Plagiarism is presenting someone else's work as your own. This paper in 'Journal of Chemistry: Education Research and Practice' that is supposed to be by one author, is actually a patchwork of paragraphs copied from three other published works by others.
This was the most disappointing read of the sample. I felt most of the studies at least represented honest attempts to contribute to the research literature even if all seemed to suffer from limited significance (although the article which wanted to overturn a good deal of canonical physics and chemistry was at least potentially significant), most raised unexplored issues of generalisation, and most included conceptual, logical and/or methodological weaknesses as well as language/typographical errors.
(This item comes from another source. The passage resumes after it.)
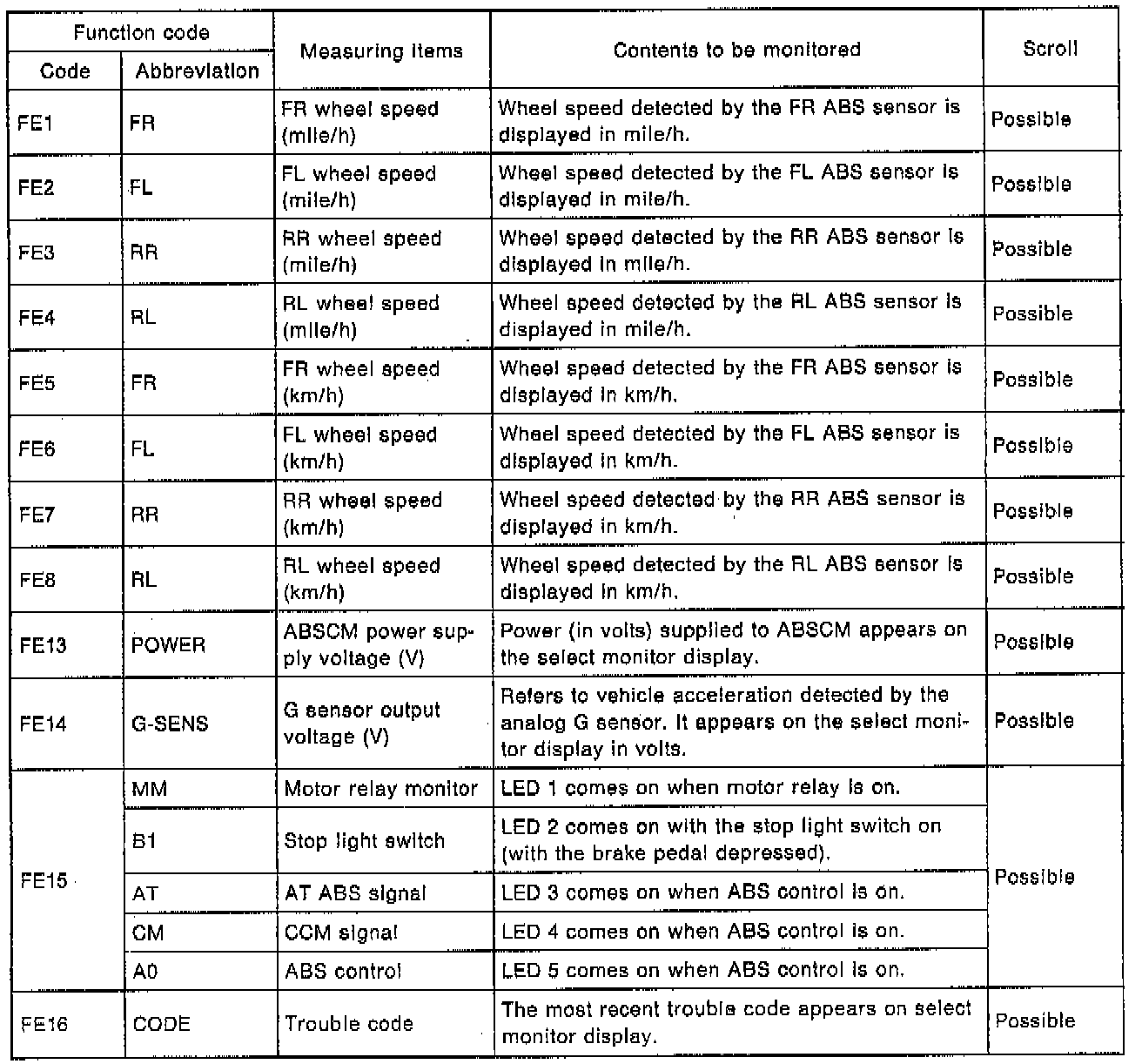 2) If freeze frame data is not properly stored in memory (due to a drop in ABS Control Module (ABSCM) power supply, etc.), a trouble code, preceded by a question mark "?", appears on the select monitor display. This shows it may be an unreliable reading.

However, stealing other people's scholarship, and presenting it as your own work is not just poor scholarship but academic malpractice.
(Read 'Can deforestation stop indigenous groups starving?')
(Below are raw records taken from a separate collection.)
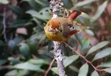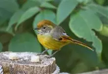 火尾希鹛,是画眉科、希鹛属的鸟类。 火尾希鹛为小型鸟类,体长12-15cm。头黑色,具长而宽阔的白色眉纹,在黑色的头部极为醒目。上体栗色或灰橄榄褐色,下体淡黄白色,尾黑色,外翈羽缘赤红色具白…全部>>
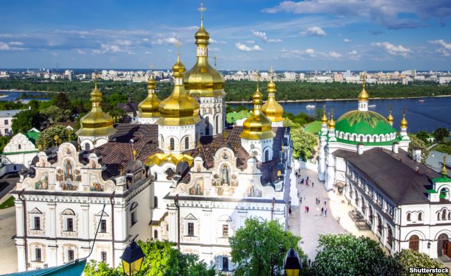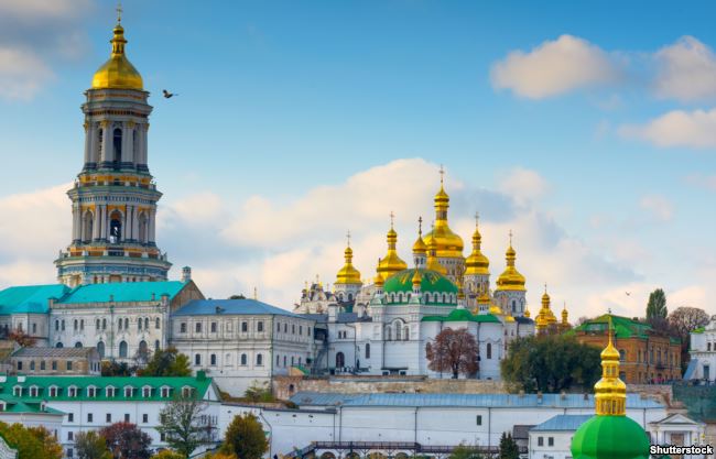 Вид на Киево-Печерскую лавру со стороны «Мемориала жертв Голодомора» (слева), посвященный погибшим во время геноцида в Украине в 1932-33 годах, осуществленного тогдашним коммунистическим режимом СССР
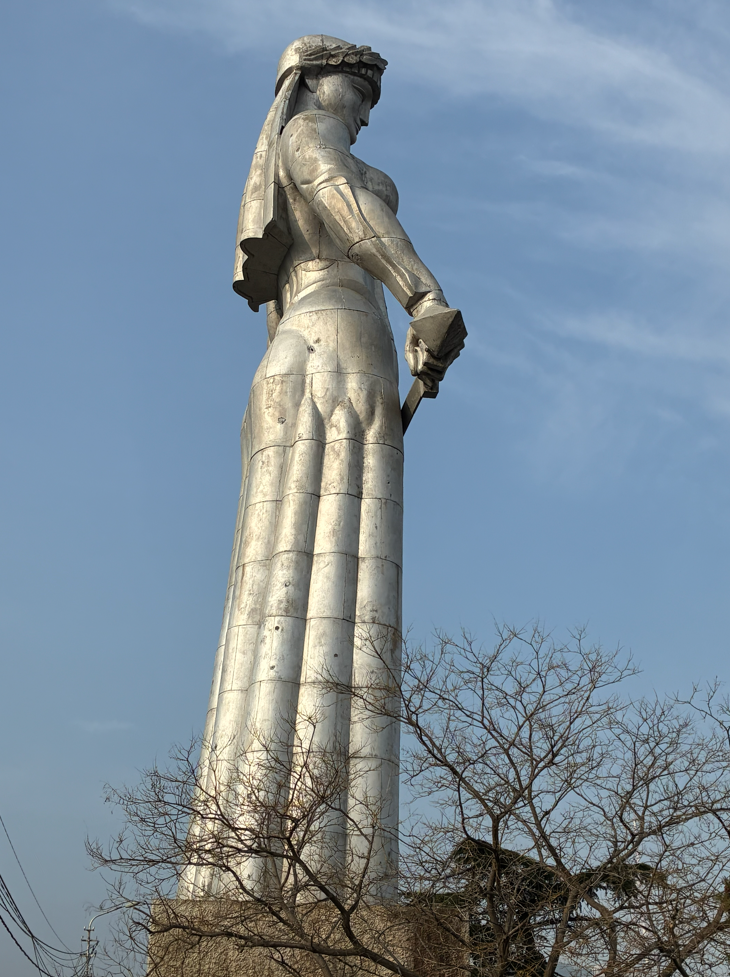 ジョージア民族の象徴となる巨大な女性像Mother of Georgiaの銅像。ジョージアは長い歴史の中で何度も侵略や戦争を経験しており、その“誇りと強さ”を象徴するために建てられた像。剣を持っています。
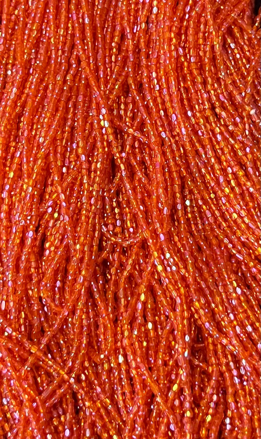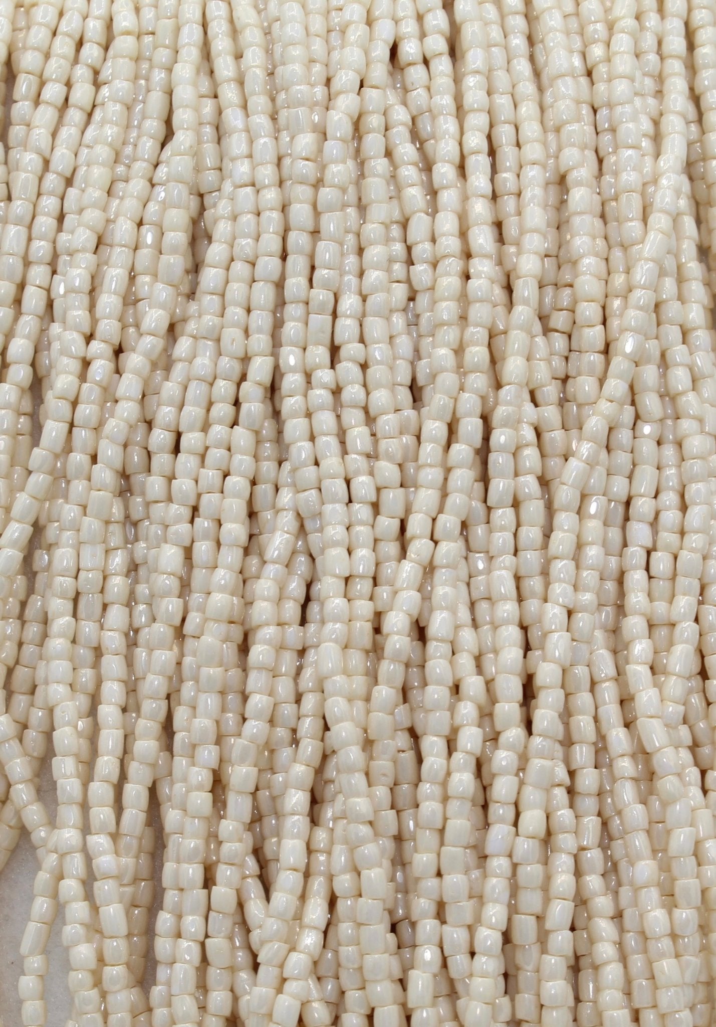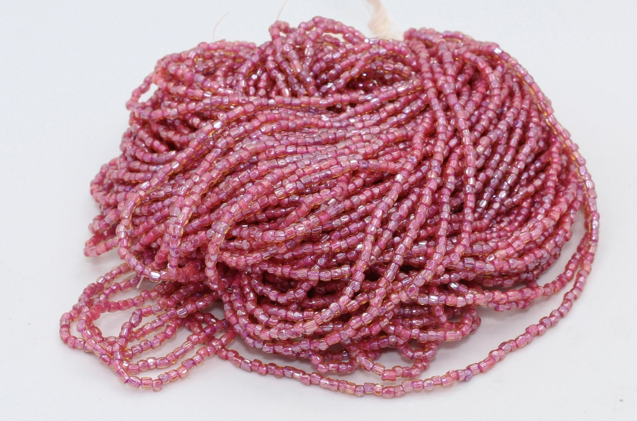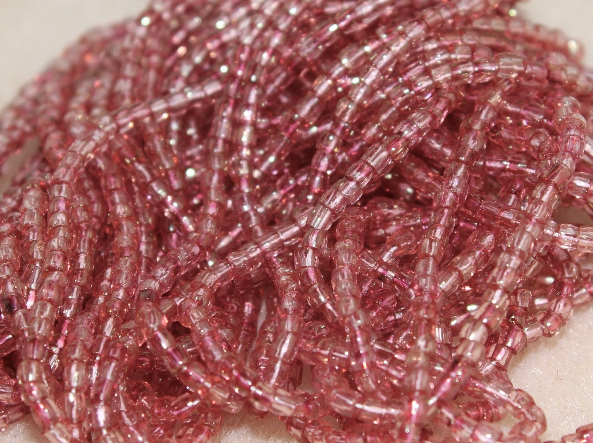 Size 9/0 Tri-Cut seed beads are slightly barreled shaped with faceting around the entire bead for a sparkly appearance. Size 9/0 is larger than size 10/0.

This incoherent montage of other people's scholarship was also submitted to another journal two days before it was submitted to the 'Journal of Chemistry: Education, Research and Practice': it is also published in an outlet called 'Acta Scientific Pharmaceutical Sciences'.
(Read about 'A failure of peer review')
Poor quality work
In summary, from the papers I looked at, that is those in the journal that I felt most qualified to evaluate, the work in Journal of Chemistry: Education Research and Practice is not of 'publishable quality'. Some of the articles might be useful starting points for a publication, and may have been suitable for improvement and development through the peer review process. However, if there was any meaningful peer review of some of these papers, it was clearly not by anyone who was both qualified to, and prepared to, carefully evaluate the manuscripts.
This lets down the community as poor quality work appears in the literature. This journal also lets down the authors as they should expect their work to be challenged and so improved, through rigorous peer review – which clearly has not operated here. The exception is the author who simply translated and pasted segments of other people's work into an incoherent composite. That is not a matter of needing editorial support, but simply of learning that it is wrong to steal. That author let themselves down.
Work cited:
Taber, K. S. (2018). The end of academic standards? A lament on the erosion of scholarly values in the post-truth world. Chemistry Education Research and Practice, 19(1), 9-14. doi:10.1039/C7RP90012K
Notes
1 Of course, there is the matter of claiming priority by publishing first. In the mythology of science this is very important – though in practice this is seldom as critical as the myth suggests. In science education someone would have to be incredibly unlucky to miss winning a major award or getting that dream job because they published a week or two after a colleague made substantially the same claim – I doubt this has ever occurred.
2 Peer review (psychologically, at least) can seem to be a bit like an irregular verb, in that my work does not really need peer review, but yours will benefit from it; the requests I get to change my submitted manuscripts are misguided, unhelpful or petty, but the recommendations I make about improving other people's work are appropriate, necessary and insightful.